On the flipside, some women have unrealistic “expectations” of a date. If you have Applebee’s taste in your everyday life, then don’t try to break a guy and get steak and lobster just because he’s paying. Those are the types of things that make guys even more reluctant to foot the bill.

So, I think both sides need to work on some things, but to answer the question: I do believe that the guy pays for the dates until an exclusive relationship is established. At that point, it should be in both people’s best interest to share responsibilities to help the relationship grow. If a guy doesn’t want to pay on the first date, then there are some women who are okay with that. No one is forced to be traditional. However, you can’t turn around later and expect the traditional role of “decision maker” if that be the case. At least that’s my personal opinion on the matter.

on November 14, 2013

Here we have the winner of this months “SIMP of the month award”. Brotres really deserved it.

on November 14, 2013

And now name calling, yes let’s show how intelligent we are. While I believe it is great to agree to disagree, the jousting of name calling I will let the gentleman above have that honor. God bless you all, see you on the next blog.

on November 14, 2013

So what the article is really saying is the guy pays for the date because he may get sex. So why not just pay for a hooker?

on November 15, 2013

Congratulations on reinforcing the stereotype that men need to pursue, protect, and provide. You’re doing a great job of making women look like entitled children.
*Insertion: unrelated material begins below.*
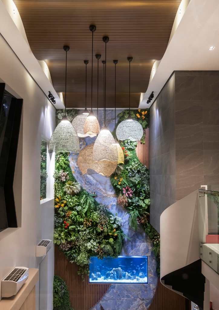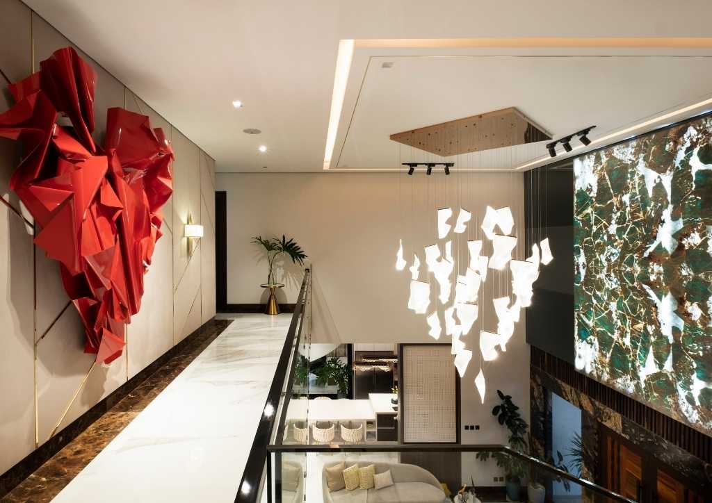 As you enter the foyer, tetrahedron wall art, Sage of Kenneth Cobonpue and an artisanal lamp will greet you upon entering the house. On the right side is an exotic stone from China.

Personally, my girl and I would rather see each other as equals and as adults and split bills unless it’s a special occasion.

    on November 15, 2013

    You DO realize there is an equal responsibility for the woman to nurture and maintain, correct? That while the man is fulfilling his part to “pursue, protect, and provide” we’re not sitting on a couch eating bon-bons…correct? That nowhere in “pursue, protect, and provide” do I see someone has to wipe my @ss for me…right?
    Women in that siruation are neither spoiled nor helpless. Our strengths just happen to be in other areas.
    Happy that you and your girl have figured out what works for you.

on November 15, 2013

Russ the article is not saying that at all. Although some think if they pay that sex should be on the bill as well. That is far from what the article is stating.

As far as “stereotyping” I don’t see it as that. Simply saying in courting a lady I believe the man should cover the bill. I don’t see that as a far fetched idea. Now if the lady chooses to pay then let her, but initially I believe the man should.

I bet if you poll this question to women, a great deal or I’ll say half will agree.

    on November 15, 2013

    I was raised to respect women. I was taught to hold doors open, and I was taught that men pay. However after a particularly nasty divorce, I have learned that many women only look at men as a walking pay check. They do not look at us as equals, and our courts don’t either, which is why few men get to be nothing more than a visitor to their children after a divorce. So until women start respecting men, if they expect the guy to pay for dinner, and give a little flirtation to lead the guy on, then all they are doing is prostituting themselves. Men would be better off just paying a hooker, because they know what they are getting.

on November 15, 2013

Do I think men should “pay” for dates? Not exactly. I do believe men should be the driver in the relationship, and if they asked me out, they should at least have some sort of plan. I’m not requiring the Palm here, so just figure out a decent place for us to sit and get to know each other and I’m fine.
I DO, however, really get annoyed by men throwing “feminism” in the argument as to why they don’t wanna pay. You don’t want to pay because…you don’t want to pay. That’s it. Own your choice. Feminism works both ways, you aren’t going to use it as an excuse to 1) Never be the persuant in anything and 2) Use my newfound autonomy to get some committment-free s3x while 3) Expecting me to be “Suzie Homemaker” when it’s convenient for you. I can’t tell you the number of men who have attempted to go Dutch with me on date one only to ask for a home-cooked meal for date two. Nope, not here. As long as “throw down in the kitchen and can keep a home” stays on your list of “wifey material” traits, “willingness to provide” will stay on mine.